When a victim user (ideally with higher privileges than the attacker) views the page containing the malicious TableBlock, the injected JavaScript executes in their browser session. This enables various attack scenarios including:
- Stealing session cookies or authentication tokens
- Performing actions as the victim user via CSRF-like requests
- Modifying page content visible to the victim
- Redirecting the victim to phishing pages
- Exfiltrating sensitive data accessible to the victim
The attack exploits the trust relationship between authenticated users and the CMS platform, making it effective for privilege escalation attacks where a lower-privileged content editor targets administrators.
Detection Methods for CVE-2026-28222
Indicators of Compromise
- Unusual or unexpected class attribute values in TableBlock elements containing JavaScript event handlers (e.g., onmouseover, onerror, onclick)

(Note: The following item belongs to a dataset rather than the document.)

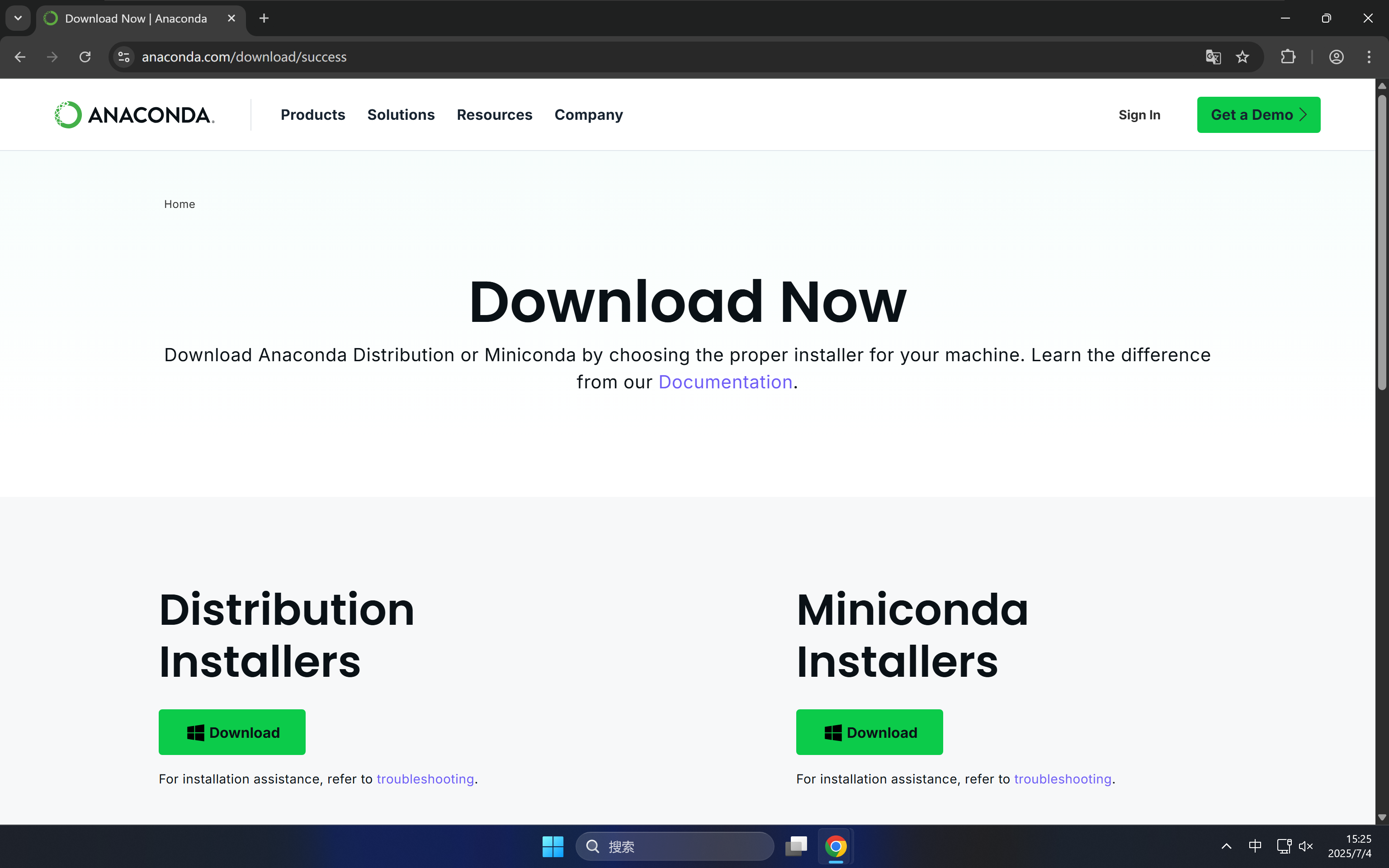 访问Anaconda官方网站,点击左下角Distribution Installers下的Download按钮,即可下载安装包(下载慢怎么办?挂VPN,小白不建议从清华源下,版本太多。没有VPN?看这个)。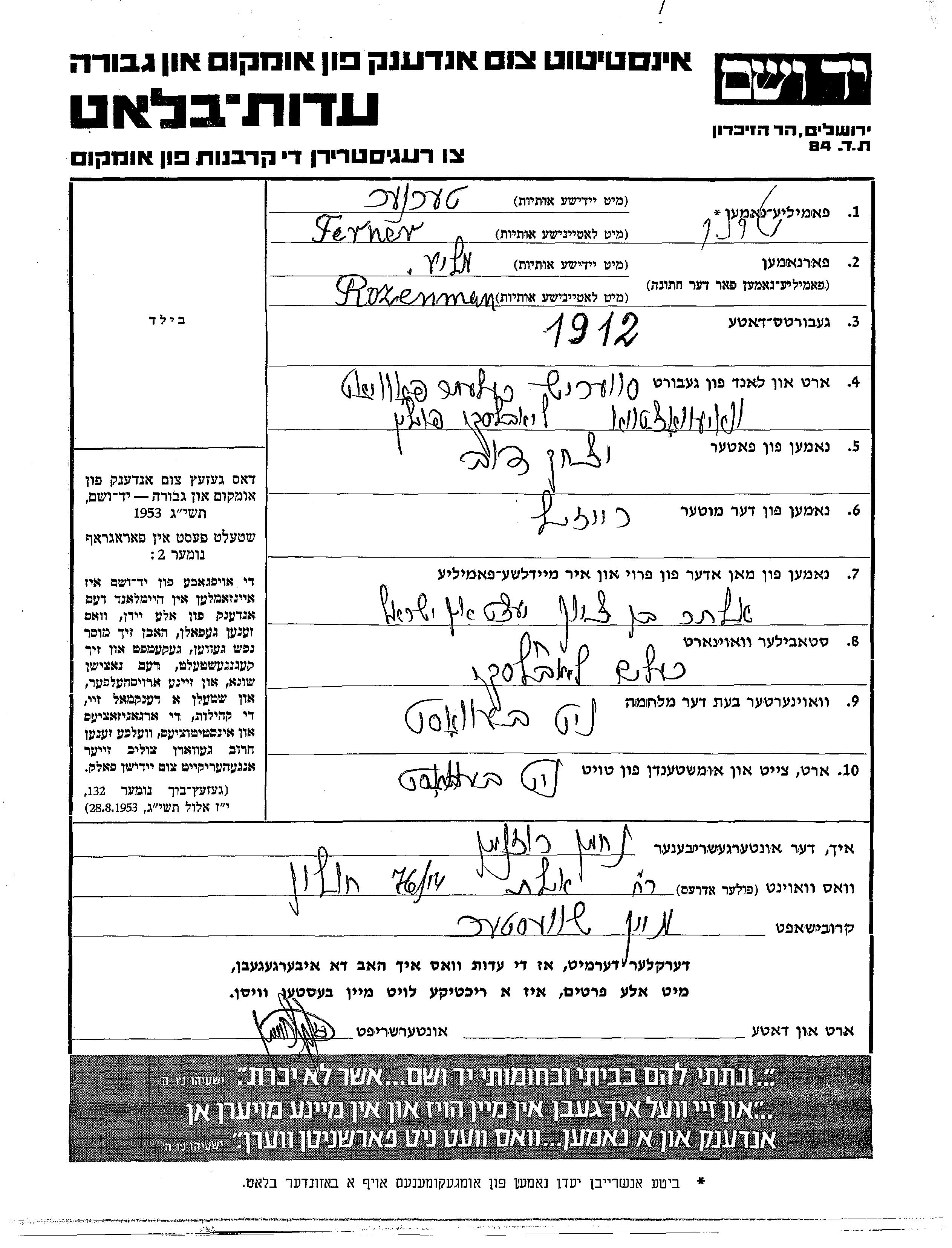 Яд Вашем - Листы свидетельских показаний Мемориального фонда

- TableBlock entries with encoded payloads or unusual Unicode characters in class attributes
- Audit log entries showing modifications to pages with TableBlock content by users who shouldn't have such access
- Browser console errors or warnings related to Content Security Policy violations on pages with tables
Detection Strategies
- Implement Content Security Policy (CSP) headers with strict script-src directives to prevent inline script execution
- Review Wagtail audit logs for suspicious page editing activity, particularly modifications to TableBlock content
- Deploy web application firewall (WAF) rules to detect XSS payloads in form submissions to the Wagtail admin
- Conduct periodic code reviews of page content focusing on TableBlock class attributes
Monitoring Recommendations
- Enable and monitor Wagtail's built-in audit logging for all page create and edit actions
- Implement real-time alerting for CSP violation reports using the report-uri directive
- Monitor for unusual patterns of page edits followed by views from administrative accounts
- Deploy endpoint detection solutions capable of identifying browser-based attacks and suspicious JavaScript execution
How to Mitigate CVE-2026-28222
Immediate Actions Required
- Upgrade Wagtail to a patched version: 6.3.8, 7.0.6, 7.2.3, or 7.3.1 depending on your current version branch
- Audit existing TableBlock content for suspicious class attribute values before and after patching
- Implement Content Security Policy headers to provide defense-in-depth against XSS attacks
- Review user permissions and restrict TableBlock editing access to trusted users only
Patch Information
The Wagtail development team has released security patches across all supported version branches. Organizations should upgrade to the appropriate patched version based on their current deployment:
| Current Version | Upgrade To |
|---|---|
| 6.3.x | v6.3.8 |
| 7.0.x | v7.0.6 |
| 7.2.x | v7.2.3 |
| 7.3.x | v7.3.1 |
For detailed technical information about the fix, refer to the Wagtail Security Advisory GHSA-p5cm-246w-84jm or review the commit history at Wagtail Commit 0375094.
Workarounds
- If immediate patching is not possible, temporarily disable TableBlock functionality by removing it from page models
- Implement strict Content Security Policy headers to mitigate the impact of any XSS payload execution
- Restrict admin access to only essential personnel until the patch can be applied
- Consider deploying a web application firewall with XSS filtering rules in front of the Wagtail application
# Upgrade Wagtail using pip (example for version 7.3.1)
pip install --upgrade wagtail==7.3.1
# Verify the installed version
python -c "import wagtail; print(wagtail.VERSION)"
# Apply database migrations if required
python manage.py migrate
Disclaimer: This content was generated using AI. While we strive for accuracy, please verify critical information with official sources.